More or less, I was asking more about the specifities to the plow, I know its a Western 7 1/2 foot plow but am not sure if it will fit a unimount system, I was hoping this forum could help me more with that aspect rather than the backstory as to why I was getting it


----------



## ahall1115 (Nov 20, 2018)

cwren2472 said:


> "Seem like a good deal except will need a new pump"
> 
> K, so you just need a $1500 power unit plus another $1700 worth of truck pieces to get you into your 20 year old plow. Oh, plus labor.
> 
> And that power unit isn't even available new, so you'll have to adapt a different style power unit. Or find a used plow to buy to take the power unit off of to transfer to your used plow.

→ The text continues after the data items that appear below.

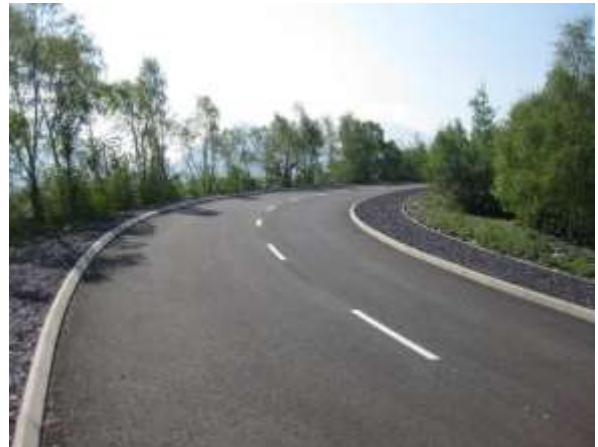
6. View south at newly constructed industrial road - Loosely surfaced footway at either side of newly constructed highway
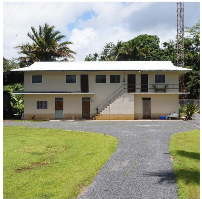
Progress! The Baptist Radio with a new roof & driveway resurfaced.
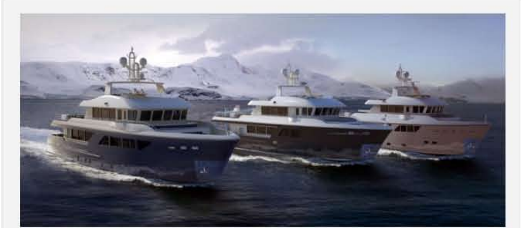
Superyacht Darwin 107', luxury yacht Darwin 102' and Darwin 86' yacht by CdM and Hydro Tec-Sergio Cutolo

New Columbus 57m Classic superyacht is a beautiful displacement vessel, representing a real challenge for the design and engineering studio lead by Sergio Cutolo. The owner requested many solutions not easily integrated on a vessel measuring 57 meters in length, such as five enclosed decks plus a huge sundeck. The studio has developed solutions where the design and technical aspects could work hand in hand.
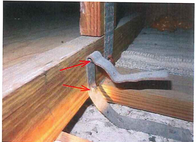
#4 Clips for roof to wall attachment with less than three nails

Power unit implying a pump? When I search power units, pumps come up would you mind explaining that more? And as to parts, would there be anything other than what I stated in the original post?


----------



## cwren2472 (Aug 15, 2014)

ahall1115 said:


> Power unit implying a pump? When I search power units, pumps come up would you mind explaining that more? And as to parts, would there be anything other than what I stated in the original post?


Technically "pump" is the piece inside the body beneath the motor. I assume your mechanic is not concerned that the piece inside is somehow affected by being outdoors, but he might know more than me. I'm not a mechanic. The power unit is the whole red thing complete.

Nope, all you should need will be the ultramount for that truck, unimount adapter, isolation module, power cable, solenoid, battery cable, headlight adapter, 3 port module 4 adapter, controller, 11 pin lighting harness to convert the plow, and 3 pin control harness to convert the plow. That's pretty much it and you'll be good to go. Assuming the plow works of course.


----------



## dieselss (Jan 3, 2008)

ahall1115 said:


> I was hoping this forum could help me more with that aspect rather than the backstory as to why I was getting it


Ok so you just want help with the plow.

So when you spend all this money to get this going......dont make any revenue back, or if you have a whoopsie......who are you going to ask to help you outta that jam?


----------



## Randall Ave (Oct 29, 2014)

From where you are. Rt 17 north bound side up in Mahwah. Traffic safety sells kits for what you want to do. Their web site is plowparts direct .com. But like cwren2472 stated, its gonna cost a few bucks. How much for the plow? I may have missed it.


----------



## cwren2472 (Aug 15, 2014)

Randall Ave said:


> . How much for the plow? I may have missed it.


He didn't say. It's a good deal


----------



## JMHConstruction (Aug 22, 2011)

ahall1115 said:


> Power unit implying a pump? When I search power units, pumps come up would you mind explaining that more? And as to parts, would there be anything other than what I stated in the original post?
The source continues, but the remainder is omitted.